Philosophes (Les)

Auteur(s)

Année de composition

1793

Genre poétique

Description

Alexandrins en rimes plates

Texte

Fontenelle, illustrant Vandale et ses oracles,
Du siècle, qu'il ouvrit, prépara les miracles.
Voltaire, plus hardi, déchire le rideau ;
Des superstitions fait tomber le bandeau ;
Accoutume le peuple, instruit par ses ouvrages
À bafouer l'Église, à révérer les sages,
À raisonner de tout ; et sur l'égalité,
Pose les fondements de notre liberté.

Diderot, rugissant au donjon de Vincennes,
Y jura sur ses fers, aliments de la haine,
De chercher des vengeurs, et d'éteindre à la fois
Les foudres du pontife et la race des rois.
Et tandis que Franklin, dans une autre atmosphère,
Allait ravir aux dieux les secrets du tonnerre,
Le fils d'un coutelier, une plume à la main,
Changeait, dans son taudis, le sort du genre humain.
De là, ce monument trop imparfait sans doute.
Mais l'artiste triomphe. Il a frayé la route ;
Et plus heureux que lui, ses nombreux successeurs
N'iront plus émousser les ciseaux des censeurs.

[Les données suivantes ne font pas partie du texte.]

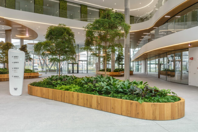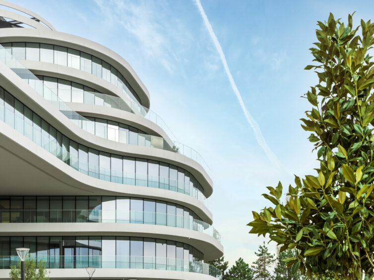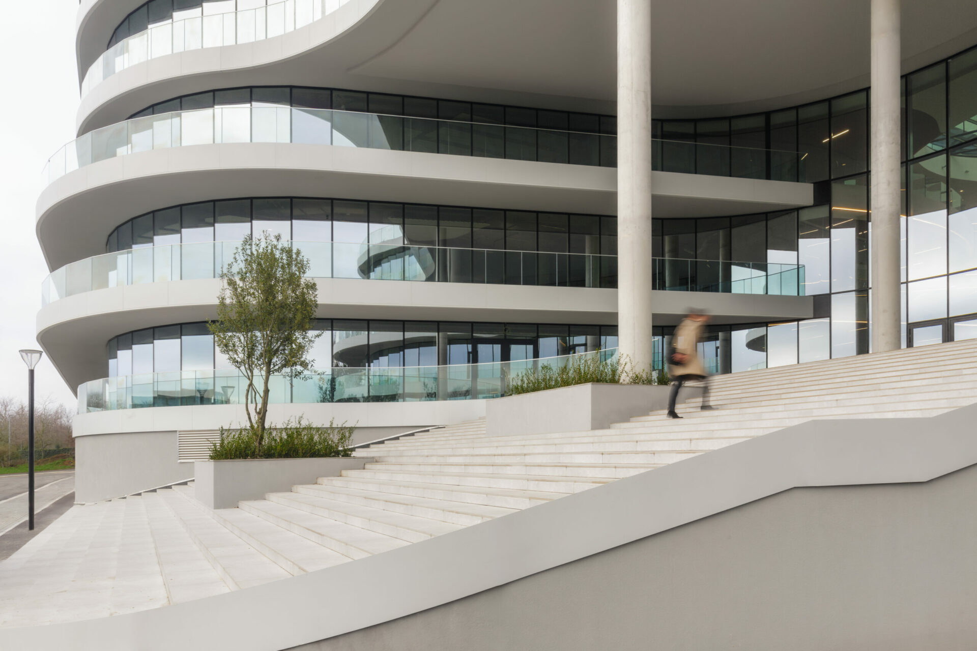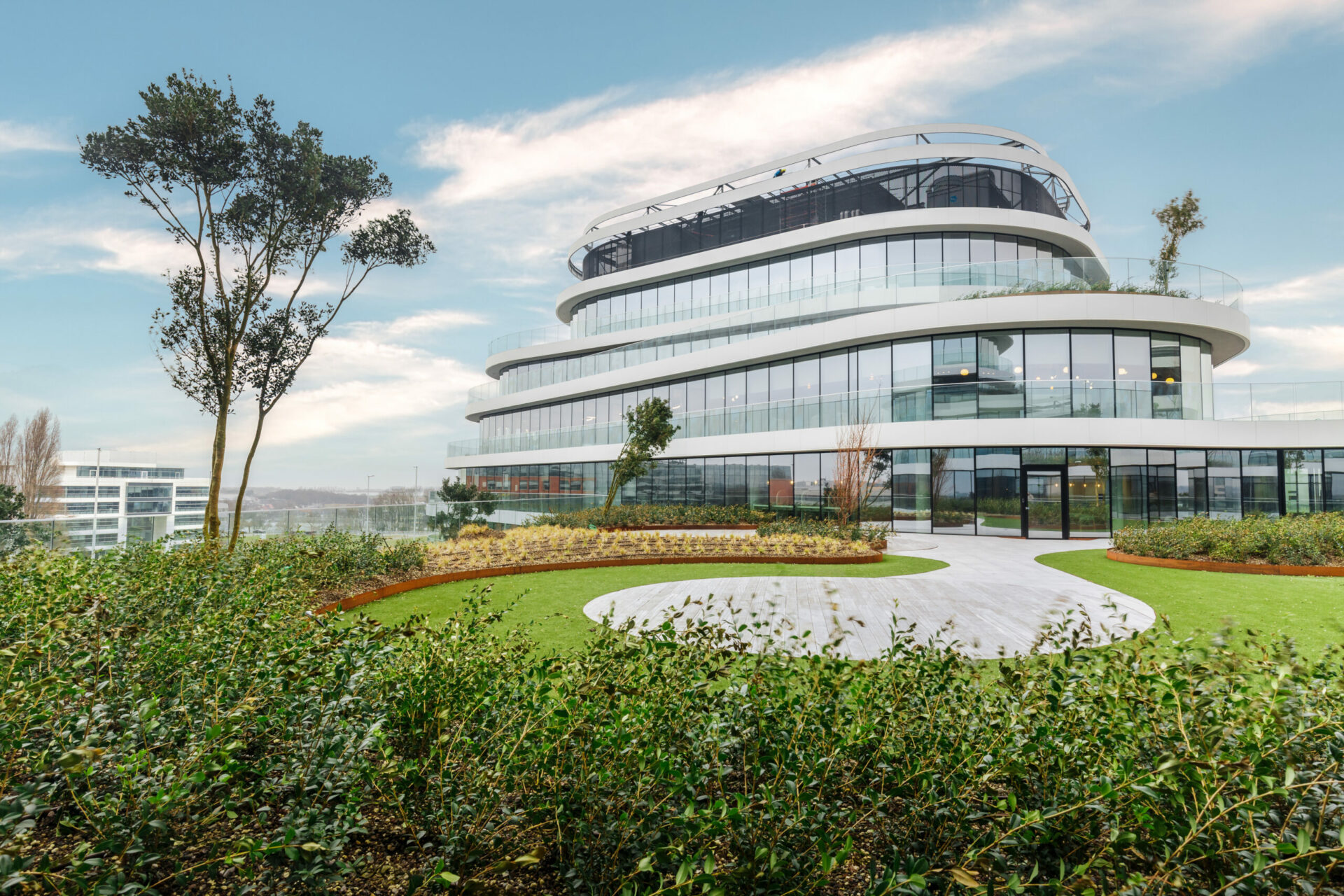 For the landscaping, we closely collaborated with “flower artist” Daniel Ost, who adeptly responded to the building’s undulating forms. The abundance of greenery on the site fully embodies the architectural objective of creating a perfect balance between work and well-being.
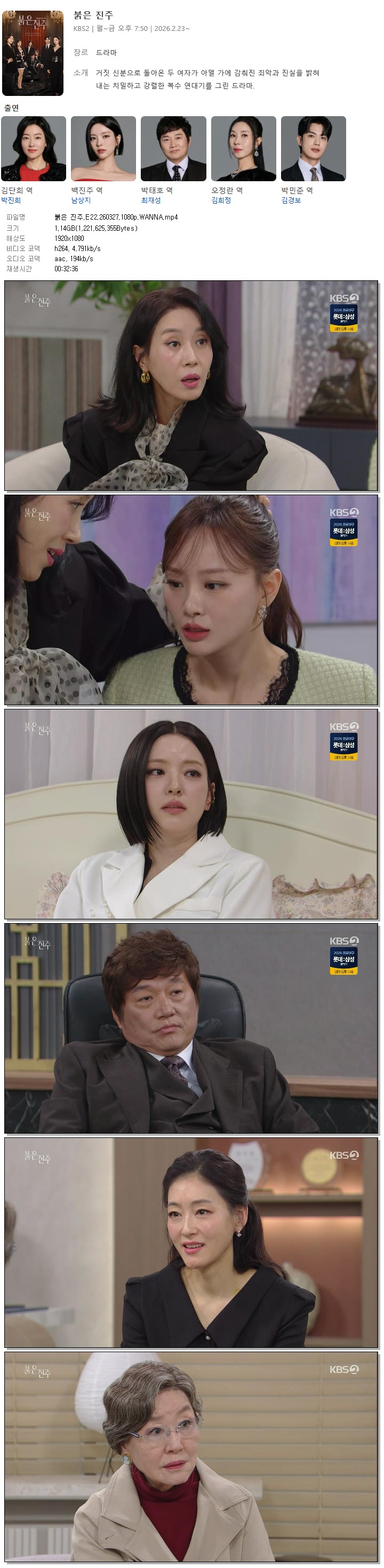 [KBS2] 붉은 진주.E22.260327.1080p.WANNA[박진희, 남상지].mp4 1.1 G MP4 00:32:36 1920x1080

Rousseau vient. Le malheur fut sa première école
Formé, dans le silence, à l'art de la parole,
Il sortit, tout à coup, de son obscurité.
La lumière, à grands flots, jaillit de tout côté.
L'homme courbé se lève en secouant ses chaînes.
Il aperçoit le jour qui va finir ses peines ;
Et, les bras étendus vers son libérateur,
Croit voir descendre encor l'esprit consolateur.

Mably, sans rhétorique et non pas sans génie,
N'arma que la raison contre la tyrannie,
Né pour l'indépendance, il aperçut l'écueil
Où devait se briser le luxe de l'orgueil :
Embrassa l'âpreté des mœurs républicaines :
Nous montra Phocion condamné dans Athènes,
Mais libre, mais vengé par sa postérité,
Et puisant dans la mort son immortalité.

 
 

Sources

Almanach des Muses de 1794, ou Choix des poésies fugitives de 1793, Paris, Delalain, an II, p. 165-166.